Webseiten, die aus einer Javaapplikation kommen, sollten auch in Java geschrieben werden. Dagegen gibt es natürlich diverse Einwände:

  1. "Dann ist der Code voller println()". Wieder Unfug! Natürlich braucht es Klassen, mit denen man den HTML-DOM aufbaut und die ihn dann im Servlet hübsch formatiert rausschreiben. Das hat noch den Vorteil, dass das HTML keine Syntaxfehler mehr enthält. Das API muss ja nicht so furchtbar sein, wie die XML-APIs von Java.
  2. "Die Designer können aber mit Java nicht umgehen." Richtig. Und können die mit der Templatesprache umgehen?
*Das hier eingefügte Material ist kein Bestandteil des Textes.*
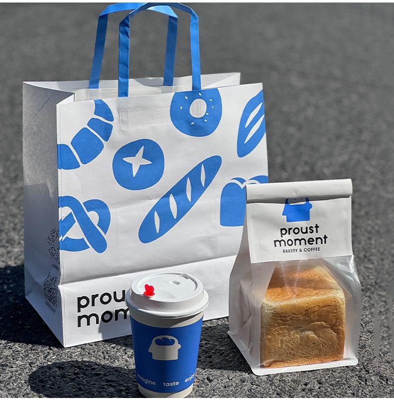 Bolsa de Papel Kraft para Celebridad de Internet Bolso de Mano Empaque para Hornear Pan Postre Café Bolsa de Empaque para Llevar Logotipo Personalizado Impreso

Die Designer sollen die HTML-Struktur vorgeben und sich ans CSS halten. Die paar DIVs dann im Code zu generieren ist programmiertechnischer Kleinkarm, den man nebenbei erledigt, während man sich um die wichtigen Dinge, nämlich die Inhalte, in einer adäquaten Programmiersprache kümmert.
  3. "Bei jeder Designänderung muss das Java neu compiliert werden." Na hoffentlich. Wir wollen doch nicht im Produktivsystem im JSP rumfummeln, oder? Und ob wir dann in der Entwicklung in einer JSP oder Template-Datei was ändern, oder im Javacode --- wo ist da der Unterschied?
  4. "Selbst mit einer HtmlBuilder Klasse kann man die Struktur des HTML nicht mehr erkennen." Ja und Nein. Das ist eine Frage der Übung, genau wie es Übung braucht in einem HTML/JSP-Tag/scriptlet/include Verhau oder einem mit Kontrollstrukturen verwursteten Template die Seitenstruktur zu erkennen. Der Vorteil der reinen Generierung in Java ist, dass man alle Vorteile von "clean code" auch auf die HTML-Generierung anwenden kann. Nach kurzer Zeit hat man das raus und hat Strukturänderungen am HTML schneller durchgezogen, als im Template oder JSP mit copy/paste lauter Durcheinander zu erzeugen.

Schlusswort

Klar, das hier ist eine Tirade in der ich übertreibe. Dass es niemand gibt, der HTML rein im Java erzeugt, hat vielleicht einen guten Grund, den ich noch nicht verstanden habe. Vielleicht hat sich aber auch schlicht noch niemand getraut, weil es ja keiner macht. Ich hab's gemacht in einem in der Tat kleinen Projekt. Es hat wunderbar funktioniert.